Logement social à Ottawa*
CATHERINE BOUCHER
Coordonnatrice exécutive, Centretown Citizens Ottawa Corporation
Le logement social au Canada et en Ontario
Les logements abordables destinés aux ménages
à revenu faible ou modeste sont surtout fournis
par le secteur privé. Les logements sociaux, qui
se caractérisent par des loyers adaptés aux
revenus des locataires, comptent pour environ
15 % de l’ensemble du secteur du logement
social au Canada.
Les logements sociaux ont typiquement été
financés par des programmes mis en œuvre par
les instances gouvernementales supérieures.

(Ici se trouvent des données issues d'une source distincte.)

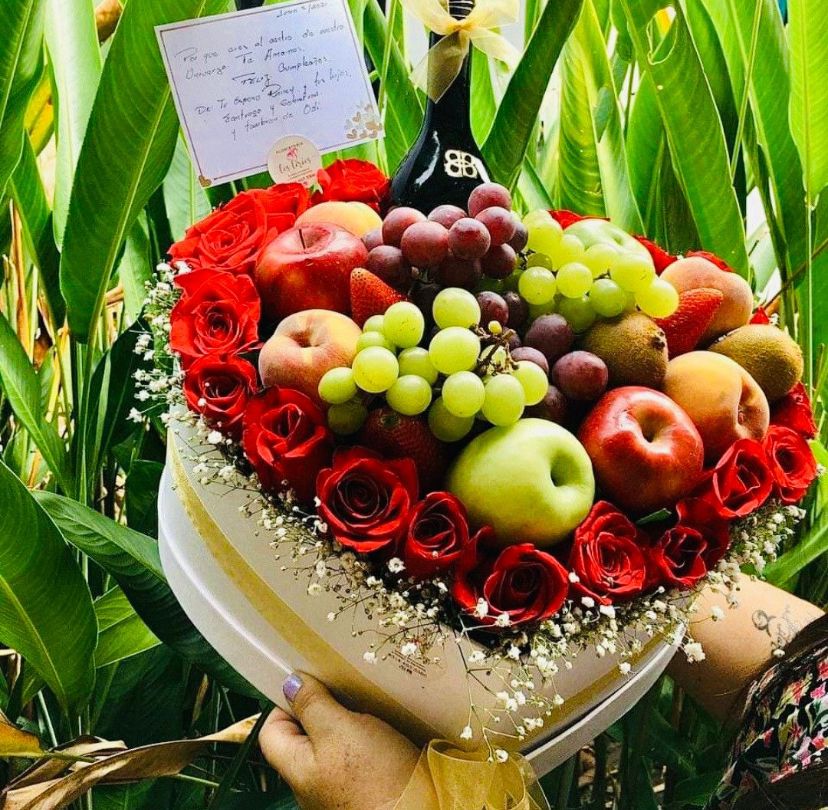 Corazón Frutal Un hermoso corazón frutal acompañado de delicadas rosas 🌹 y frutas al gusto 🍓. Este arreglo es perfecto para expresar amor y frescura. 💕

Jusqu’au milieu des années 1980, par l’entremise
de la Société canadienne d’hypothèques et de
logement (SCHL), le gouvernement fédéral
accordait des subventions aux provinces, à des
sociétés sans but lucratif, ou à des coopératives
communautaires afin de financer le logement. Le
tout premier programme fédéral de ce type était
axé sur le logement public. Les provinces, qui
possédaient et géraient alors d’importants
lotissements consacrés au logement, étaient
responsables de son administration. Au milieu
des années 1970, le secteur communautaire a
commencé à prendre la relève. En règle générale,
les lotissements étaient désormais beaucoup plus
petits. De plus, les programmes comportaient un
volet financier en vertu duquel les loyers de
certaines unités variaient selon le revenu des
ménages, alors que les autres atteignaient des
niveaux comparables à ceux du marché privé.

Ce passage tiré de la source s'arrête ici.